“Are we there yet?”

Panting with arms akimbo, I squinted at the rock path snaking through the alpine green ahead. Another ridge to cross. More loose rocks to scramble over.

We continued trudging to the peak of Mount Furano, stopping occasionally to take photos of the beautiful lush surrounds.

“Hey, I think we’re finally there!”

We strode towards the wooden marker atop Mount Furano. There was an elderly Japanese couple who had arrived moments before us. Presumably in their late sixties, the couple looked like seasoned hikers, dressed in bright coloured jackets with gaiters over their boots.

We exchanged nods and broad smiles before turning around to take in the mesmerizing sight. The drifting clouds played peek-a-boo, unveiling impressive views of the nearby valleys and surrounding mountains in the Daisetsuzan National Park every now and then.

The man offered to take a photo of us with the sign at the summit, and suggested that we “pose” – how Japanese! So we did and gave a thumbs-up gesture.

He then joined his wife who had made herself comfortable at a corner. They opened their backpacks and, to my amazement, took out a giant container of water, camping gas, packets of noodles, and utensils, and started cooking their lunch.

Me: Look, they are having a picnic. What a great way to enjoy the mountain views! I’m envious.
AB: We can do the same when we retire.
Me: No, I don’t want to wait until I’m old to do this.
AB: We can also do this now. We just need to make enough money for our lodging.
Me: Hmmm.

An adorable tiny pika (Siberian chipmunk) suddenly appeared, distracting us from our daydream. It stared wide-eyed at us before scampering away with its bushy tail disappearing into the bushes.

We continued to marvel at the wonderful views.

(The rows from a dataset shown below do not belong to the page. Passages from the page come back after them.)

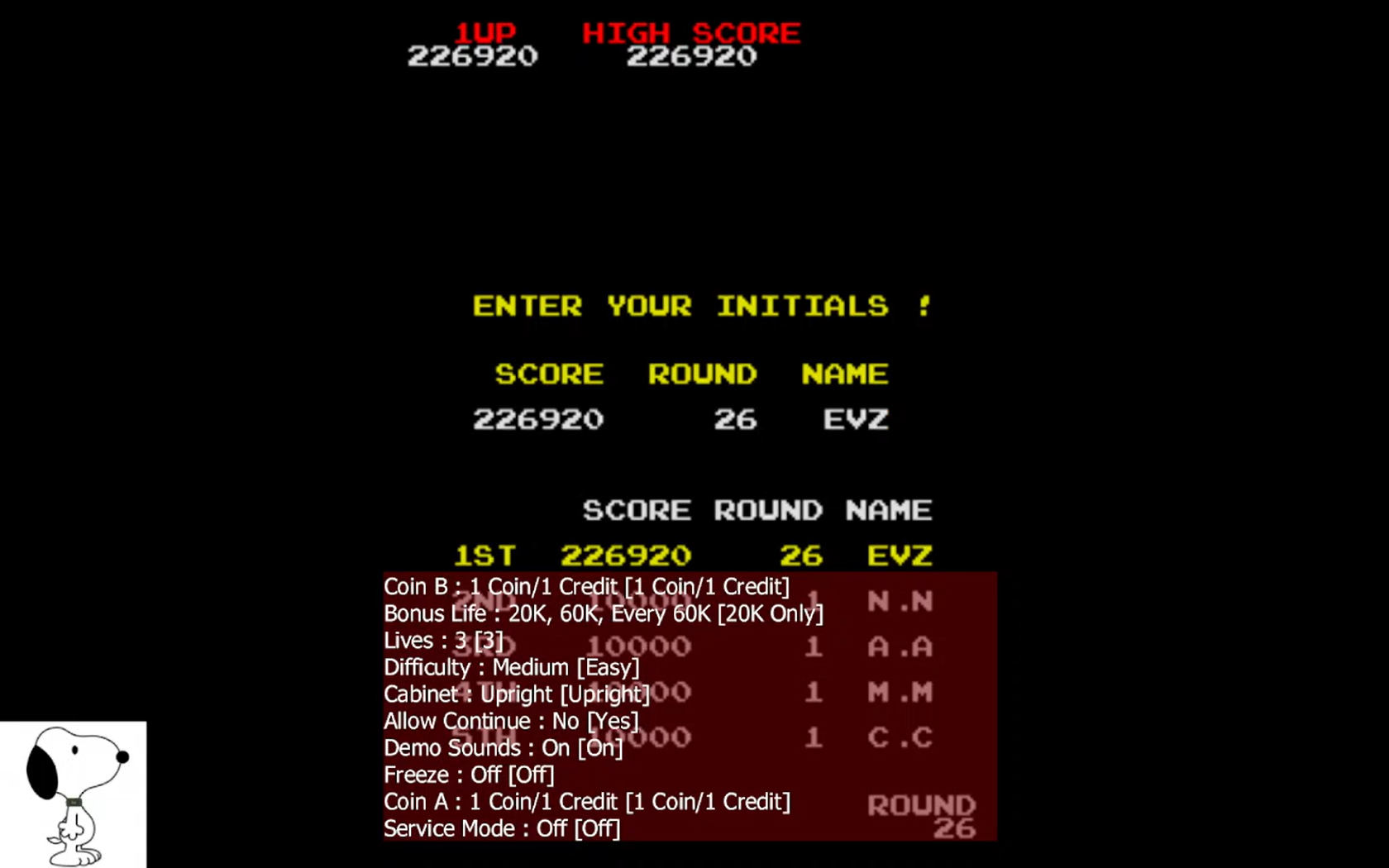 Play the game in 1 player mode with default settings. Settings for both Namco as Atari Rev 1 or 2 are: Bonus Life : 10K, 40K and every 40K Lives: 3 Difficulty: Medium roms you can use for this variation are: - digdug (rev2) - digdug1 (rev1) - digdugat (atari rev 2) - digdugat1 (atari rev 1) |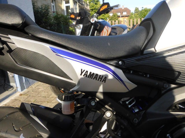 Was ich mir noch irgendwie vorstellen könnte,hätte ich das jetzt nicht dran,ist das 09 von der Blue Race MT 09 von den Lufthutzen auf den Tank machen so ähnlich wie es KKTM bei den großen hat.
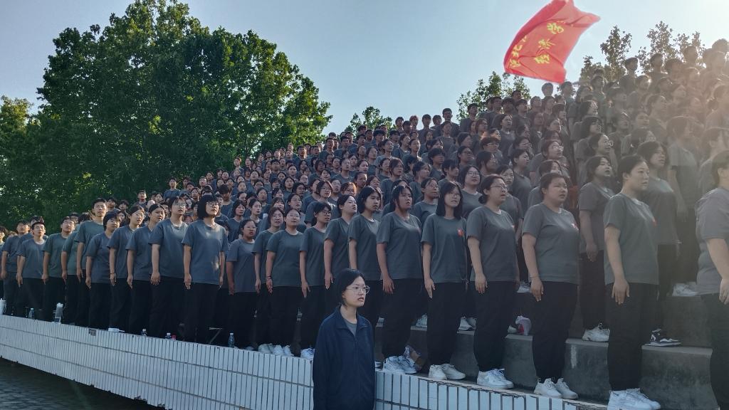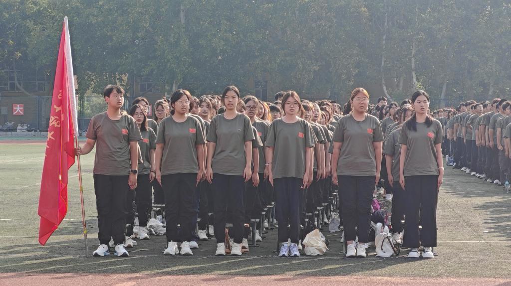激昂嘹亮的国歌奏响,为军训汇演拉开序幕。军旗在风中猎猎飘扬,各连队整齐列队、精神饱满,静候检阅时刻的到来。
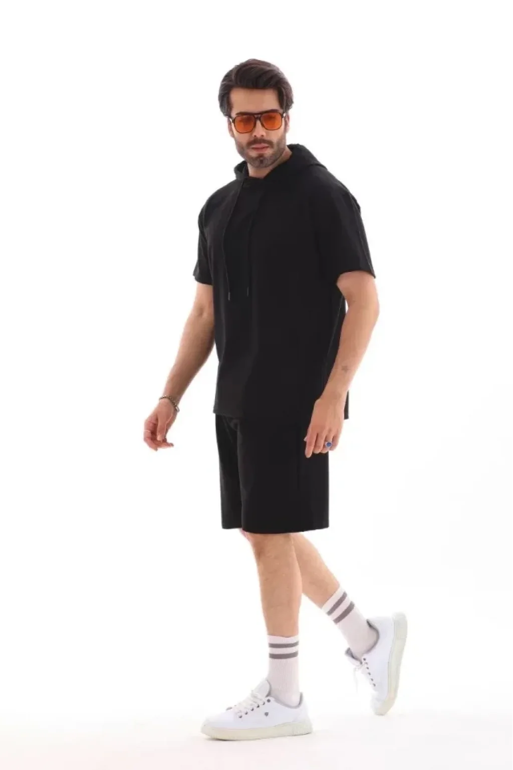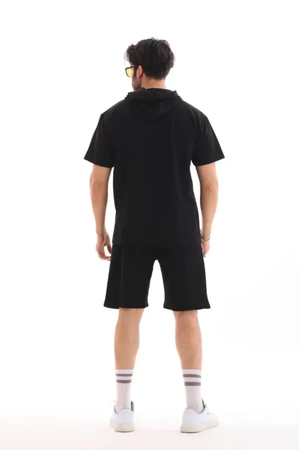Unisex Kapşonlu Oversize T-Shirt Şortlu Takım - Siyah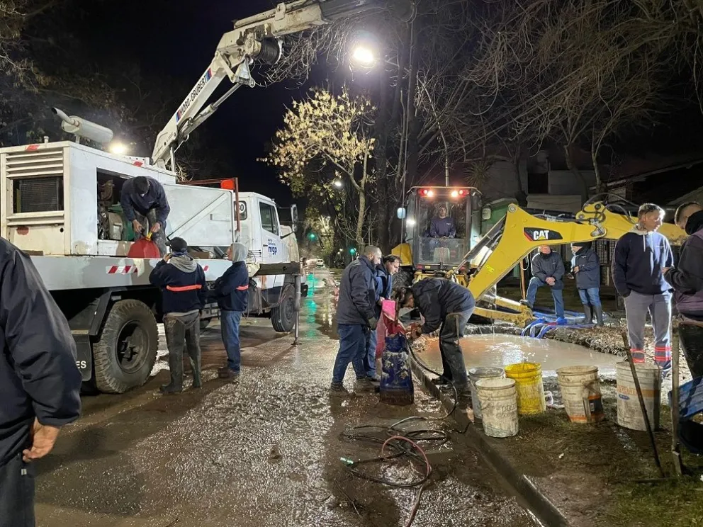 Se rompió un caño de impulsión de OSSE y trabajaron hasta la madrugada para repararlo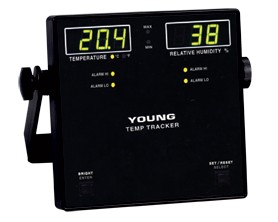 Measured values are displayed on the front panel: temperature on the left, relative humidity or dewpoint on the right. Maximum and minimum values are saved and can be viewed at any time. The Temp Tracker includes the following useful features: fully-programmable alarms, calibrated voltage outputs, and RS-485 output. Input for the Temp Tracker is supplied by Model 41382LC Relative Humidity/ Temperature Probe which provides a convenient 4-20 mA current loop signal for each channel. (Model 41003P Radiation Shield is suggested)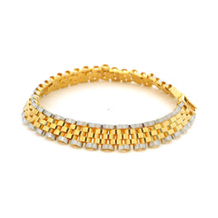 This 22ct gold men’s link bracelet is designed to deliver a bold look with comfortable wear. Featuring detailed rhodium plating across the links, the bracelet showcases a striking two-tone finish that blends classic yellow gold with modern white accents.
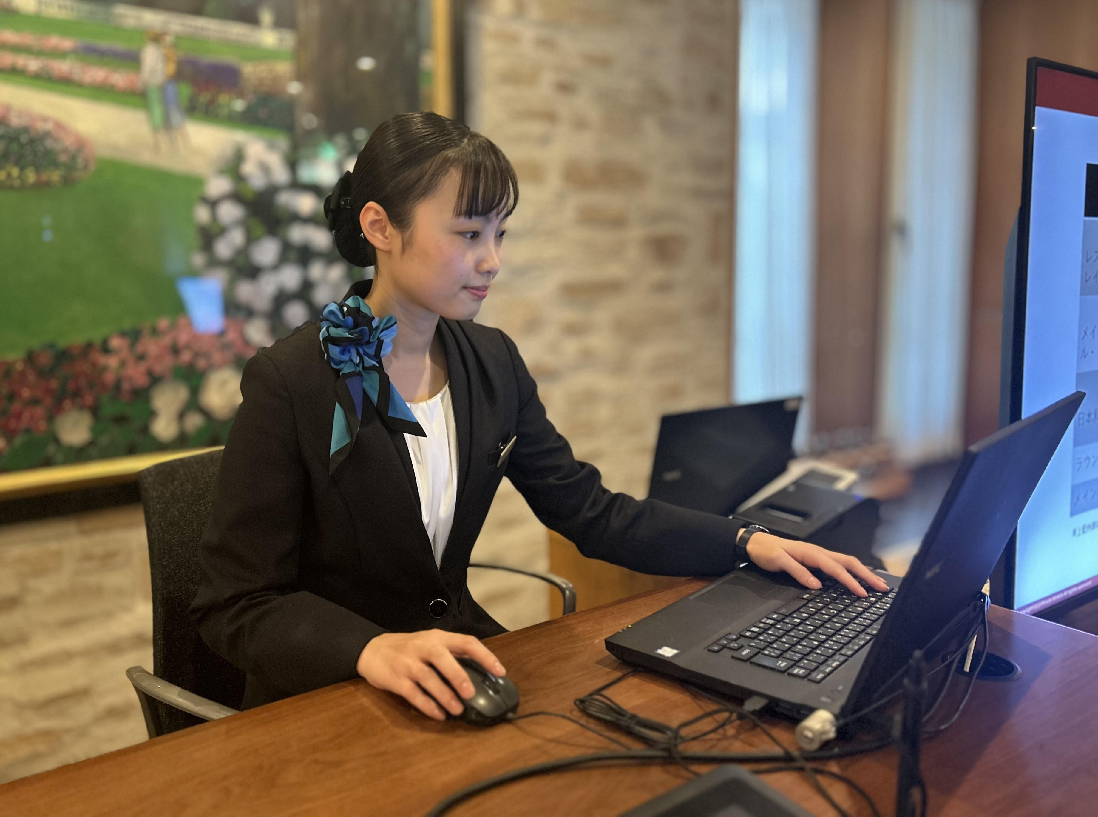 入社後1年は研修で、サービス部門や宿泊部門などを経験しました。現在は、自分の希望で、宿泊部門の中で、フロントとベルを担当しています。フロント業務は、お客様のチェックイン・チェックアウトのご対応を、ベルではお客様のお出迎えとお見送りをしています。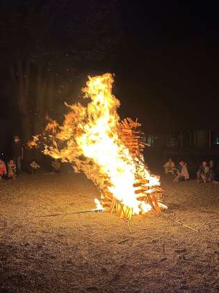 キャンプファイア レク係さんが灯した火が燃え盛ります。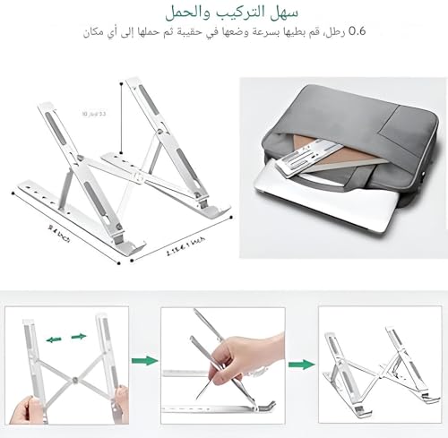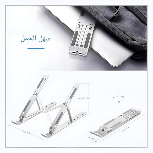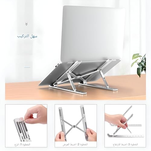 Generic - حامل لاب توب قابل للطي - ارتفاع قابل للتعديل، تصميم من الألومنيوم مع أقدام غير قابلة للانزلاق، حامل مريح لوضعية وراحة أفضل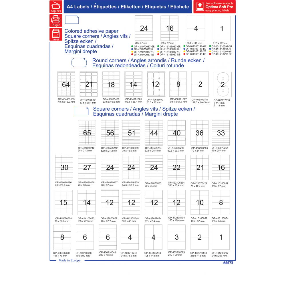 • Numar etichete pe coala: 70.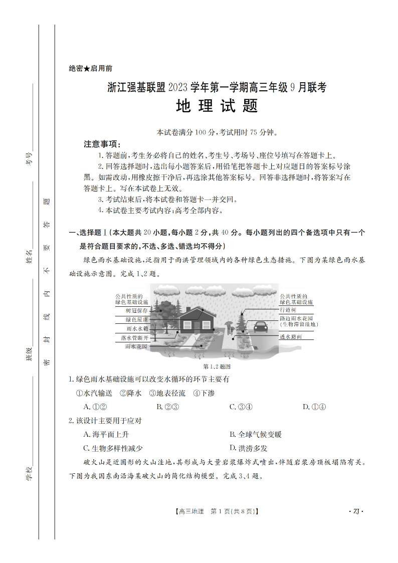 浙江强基联盟2023学年第一学期高三年级9月联考 地理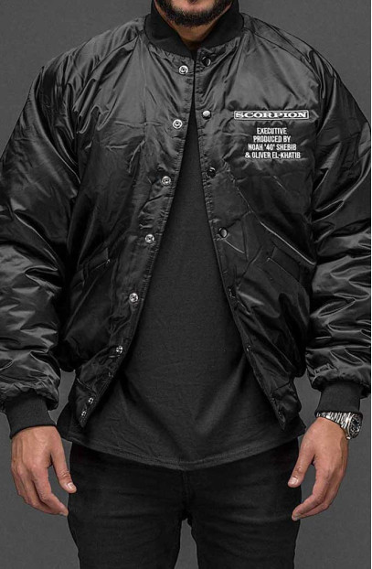 Aubrey Drake Graham Scorpion Mens Casual Bomber Black Satin Jacket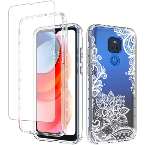 Case for Moto G Play 2021 Case, XT2093DL with Tempered Glass Screen Protector, Floral Design Shockproof Bumper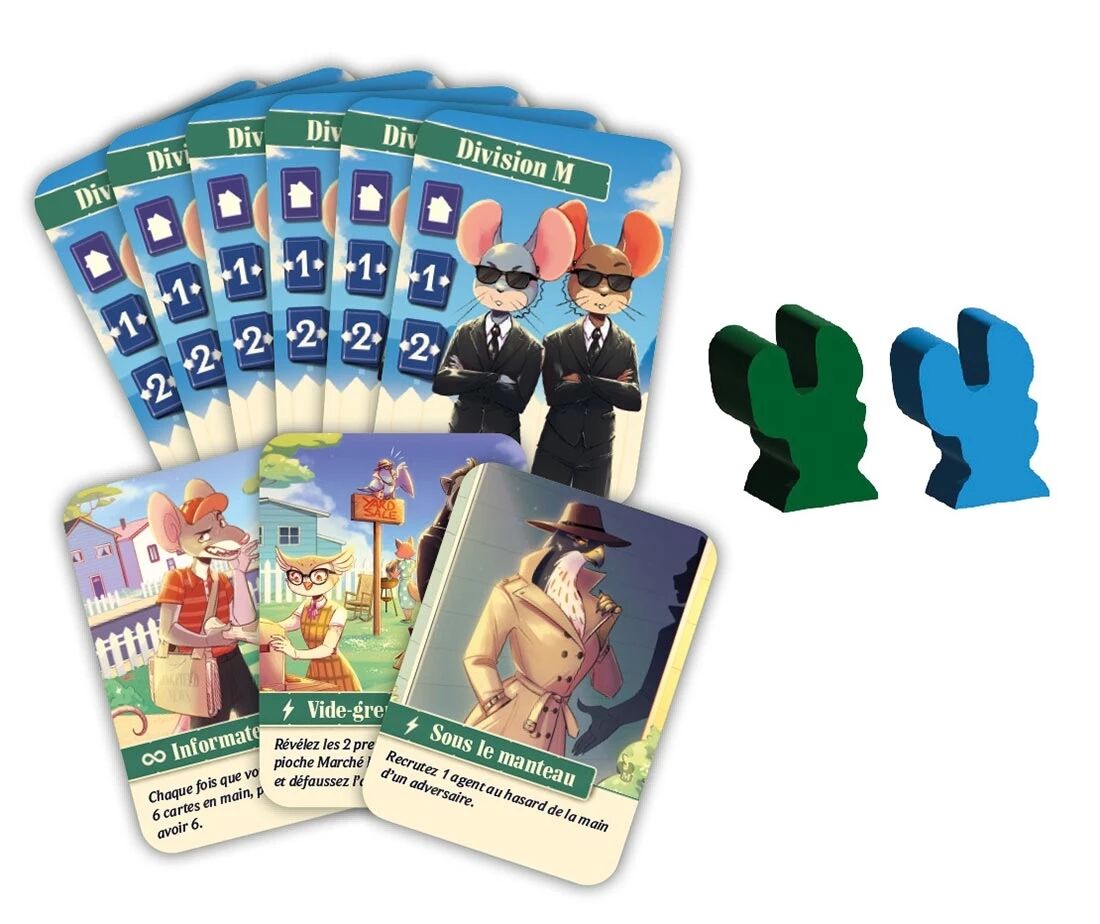 21 cartes (63 x 88 mm) dont 6 cartes Agent et 15 cartes Marché Noir, 2 pions Division M, 1 livret de règles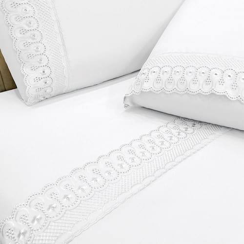 Jogo de Cama Lençol King D Mais 4 Peças - Branco - 100% Poliéster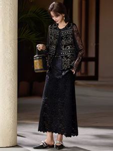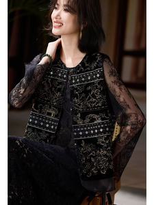 2025新款早秋款高级感真丝丝绒手工绣珠子国风马甲高端百搭上衣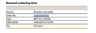 WEIDMUELLER 3040560000 BEP 4C 2.5N BL B-Series Push In Terminal Block

Soon it was time to make our descent.

We needed to get re-hydrated – we forgot to bring more water with us and had only half a litre for the climb. The clouds were moving in swiftly. So close yet so far, these enormous bodies of water droplets that we can’t drink from.

We bade farewell to the couple, continued on our way as well as dreaming of what is to come in the future.

Useful information

  • Mount Furano (富良野岳) is one of several mountains in Daisetsuzan National Park in Hokkaido (大雪山国立公園, 北海道)
  • Ryounkaku Tokachidake Onsen (十勝岳温泉 凌雲閣
) is located at the start of the route that we took. It is also a great place to get washed up and relax, as well as soak in more mountain views, after the hike.
  • Total walking distance from the onsen (elevation: 1,280 metres) to the peak of Mount Furano (elevation: 1,912 metres) and back is around 11 kilometres.
  • The hike takes around five and a half to seven hours in good weather. We took less than six hours, including some time spent enjoying the views at the top.
  • It is better to start the climb early in the day so that there is enough time to complete the walk. Even in summer, the sun can set start early, at around 6pm. The first time I was at Mount Furano with my sister, we began in the mid-afternoon and made it about half-way up before having to turn back.
  • The weather can change quickly up in the mountain, so bring wet weather gear.
  • Walking season is from July-October; the first snow usually falls here in the middle of September.